Assignment: Shown below is a listing with pictures; reproduce exactly, and only, the lines between the ones containing "Gypsy Moth adults." and "Bedroom One Bath & Private Terrace", inclusive, leaving the pictures out.

Materials provided:
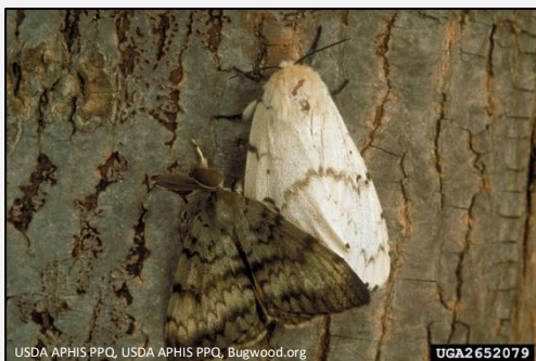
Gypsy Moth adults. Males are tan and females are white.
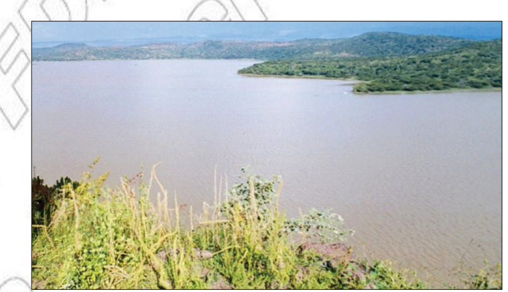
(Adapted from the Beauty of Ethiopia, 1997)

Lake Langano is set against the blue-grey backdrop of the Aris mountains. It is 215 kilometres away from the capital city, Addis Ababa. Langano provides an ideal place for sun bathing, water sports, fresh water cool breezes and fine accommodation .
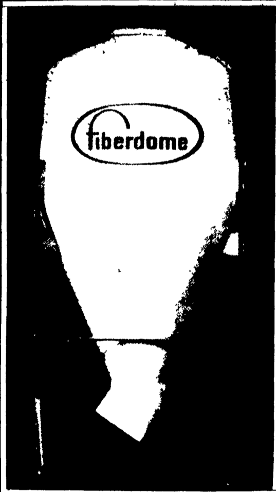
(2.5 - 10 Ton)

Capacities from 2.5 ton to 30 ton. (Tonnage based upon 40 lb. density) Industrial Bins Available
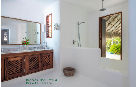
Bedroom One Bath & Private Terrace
* * *
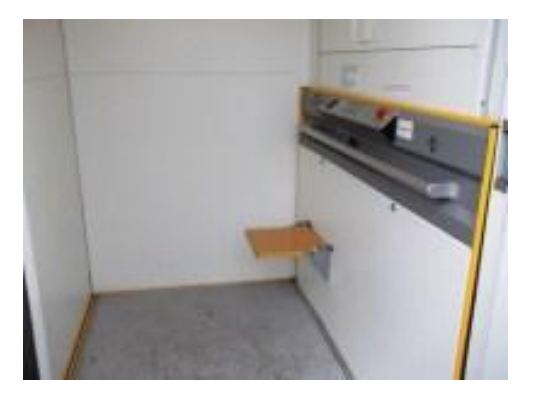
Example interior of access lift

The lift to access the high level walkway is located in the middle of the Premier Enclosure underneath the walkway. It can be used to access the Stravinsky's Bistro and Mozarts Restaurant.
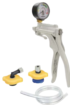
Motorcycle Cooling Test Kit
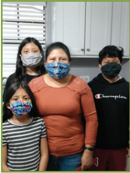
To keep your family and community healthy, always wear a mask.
...
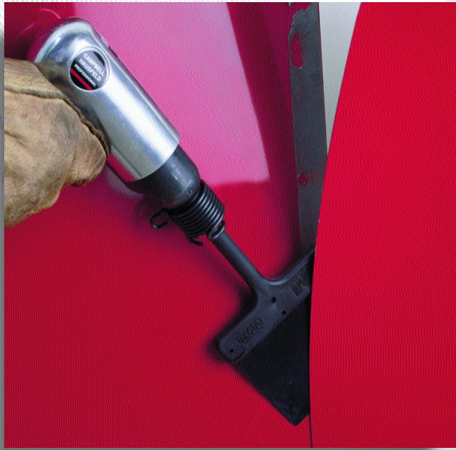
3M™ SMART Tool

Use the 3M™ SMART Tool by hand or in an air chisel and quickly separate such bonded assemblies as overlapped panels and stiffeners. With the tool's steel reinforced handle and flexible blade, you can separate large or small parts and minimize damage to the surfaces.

Output of the task:
Gypsy Moth adults. Males are tan and females are white.
(Adapted from the Beauty of Ethiopia, 1997)

Lake Langano is set against the blue-grey backdrop of the Aris mountains. It is 215 kilometres away from the capital city, Addis Ababa. Langano provides an ideal place for sun bathing, water sports, fresh water cool breezes and fine accommodation .
(2.5 - 10 Ton)

Capacities from 2.5 ton to 30 ton. (Tonnage based upon 40 lb. density) Industrial Bins Available
Bedroom One Bath & Private Terrace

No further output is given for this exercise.